4. **Ship all deferred fields (below) now, to avoid a second schema-touching ticket later.**
   Rejected: each deferred field has no consumer yet, and adding a key with nothing reading it
   violates design law 1 and gives `config.load`'s fail-loud unknown-key check a growing set of
   fields to special-case with no behavioral payoff.

## Consequences

* A repo can now tune the panel's dispute strictness (and, incidentally, where its docs/records
  live) by editing one committed JSON file instead of a code change — the control ADR-0026 promised
  two ADRs ago now exists.
* `panel.converge_report`'s policy argument is no longer a hard-coded constant at `cli.py:923`; it
  is threaded from `config.load()` on every `audit` invocation, so the ticket most literally closes
  the seam ADR-0026 opened.
* The `records` unset-sentinel design means this ticket is safe to land with zero behavior change
  for every repo (including this one, since 3/2/1 is the existing default) — the full test suite
  passes unchanged with the dogfood `Whyfile` now present at cwd for every audit test that resolves
  it.
* Three fields are deliberately out of scope and deferred until a consumer exists:
  `attested_trailers` (no writer yet); the **conformance-gate trust tier** — a policy knob for how
  much authority a superseding decision record needs to clear `whyfile check`'s gate, which is
  distinct from the audit convergence `structural` knob this ticket does wire (the two gates answer
  different questions: "has a human looked at this dispute" versus "does this PR conform to a
  recorded constraint"); and golden-fraction / drift configuration.

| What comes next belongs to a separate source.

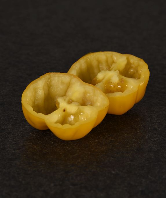 | Info: | Die Tomatenfrüchte sehen von außen und innen einer Paprika sehr ähnlich und lassen sich auch gut im Kühlschrank aufbewahren. |

Golden fraction has a genuine
  hard-coded policy today (`provenance.GOLDEN_TIERS`); drift has no time-based reaffirmation-window
  concept to extract at all — `needs_reaffirmation` is a pure content-fingerprint comparison
  (`drift.compute_fingerprint`), so that deferred field awaits both a consumer and the underlying
  concept, not just a reader for an existing constant. Each awaits the ticket that gives it a
  reader, per the same design-law-1 discipline that shaped this one.